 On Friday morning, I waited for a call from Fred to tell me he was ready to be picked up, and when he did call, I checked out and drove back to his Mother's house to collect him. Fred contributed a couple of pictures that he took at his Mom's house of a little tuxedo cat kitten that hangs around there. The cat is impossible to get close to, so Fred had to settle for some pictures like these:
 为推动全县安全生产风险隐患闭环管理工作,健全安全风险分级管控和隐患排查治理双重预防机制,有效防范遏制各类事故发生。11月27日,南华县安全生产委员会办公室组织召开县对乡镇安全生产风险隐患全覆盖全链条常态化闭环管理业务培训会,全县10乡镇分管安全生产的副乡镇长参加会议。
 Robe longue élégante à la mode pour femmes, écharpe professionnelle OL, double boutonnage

::::::

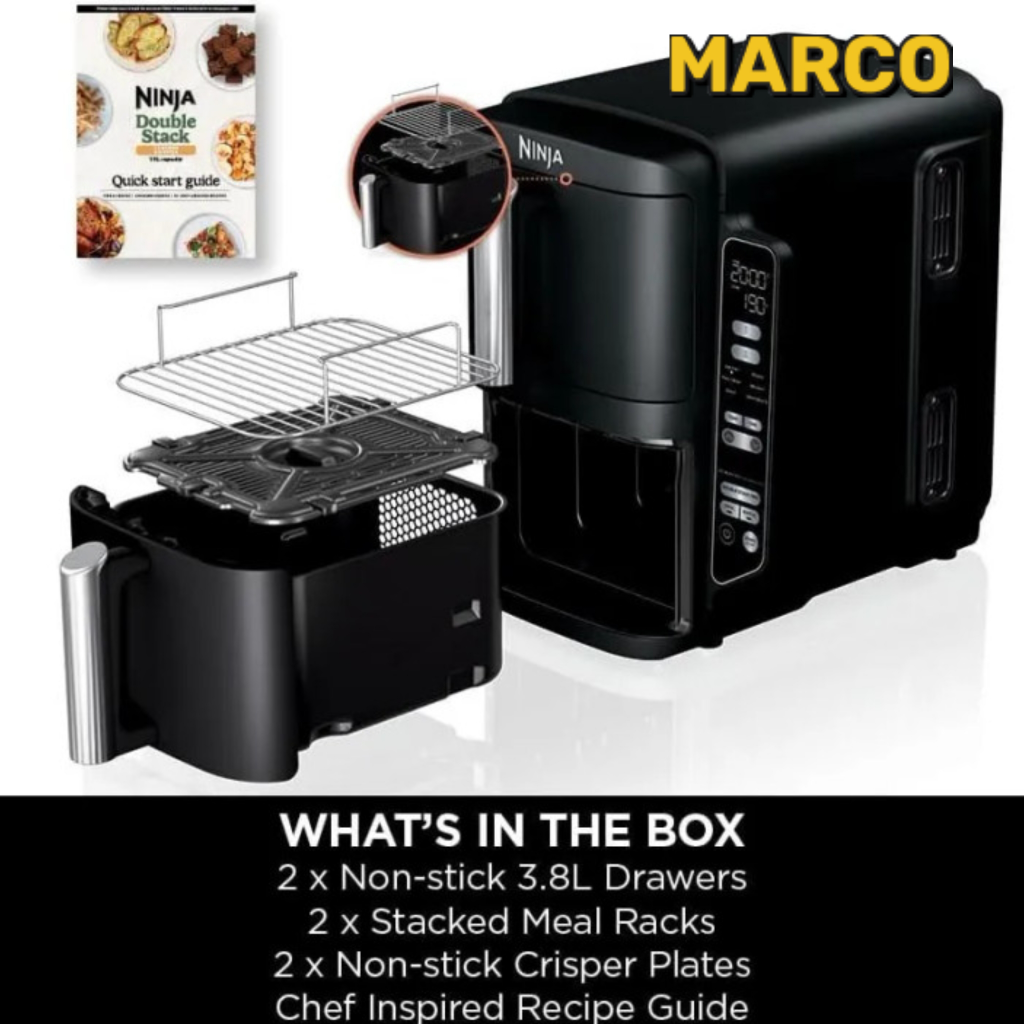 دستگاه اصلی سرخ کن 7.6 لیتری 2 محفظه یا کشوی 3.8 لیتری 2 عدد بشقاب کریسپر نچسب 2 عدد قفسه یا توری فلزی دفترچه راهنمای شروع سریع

::::::

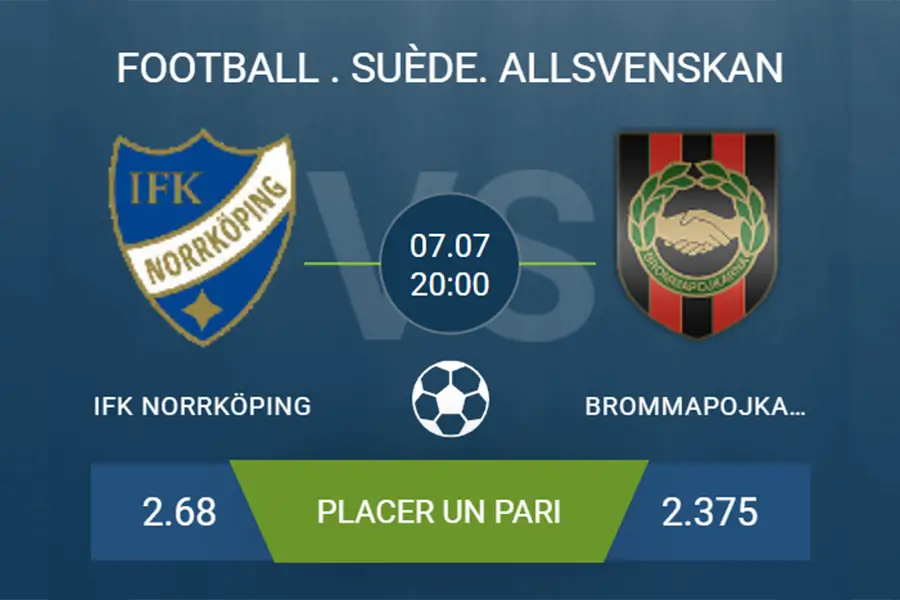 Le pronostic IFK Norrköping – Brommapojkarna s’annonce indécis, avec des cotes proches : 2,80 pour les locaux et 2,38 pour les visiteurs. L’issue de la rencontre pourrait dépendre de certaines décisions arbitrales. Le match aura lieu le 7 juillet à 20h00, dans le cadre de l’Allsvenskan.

::::::

• _Work instruction_
There is a run of lines above from the one with "为推动全县安全生产风险隐患闭" to the one with "Robe longue élégante"; print exactly that run, both ends included, and nothing else.

• _Solution_
 为推动全县安全生产风险隐患闭环管理工作,健全安全风险分级管控和隐患排查治理双重预防机制,有效防范遏制各类事故发生。11月27日,南华县安全生产委员会办公室组织召开县对乡镇安全生产风险隐患全覆盖全链条常态化闭环管理业务培训会,全县10乡镇分管安全生产的副乡镇长参加会议。
 Robe longue élégante à la mode pour femmes, écharpe professionnelle OL, double boutonnage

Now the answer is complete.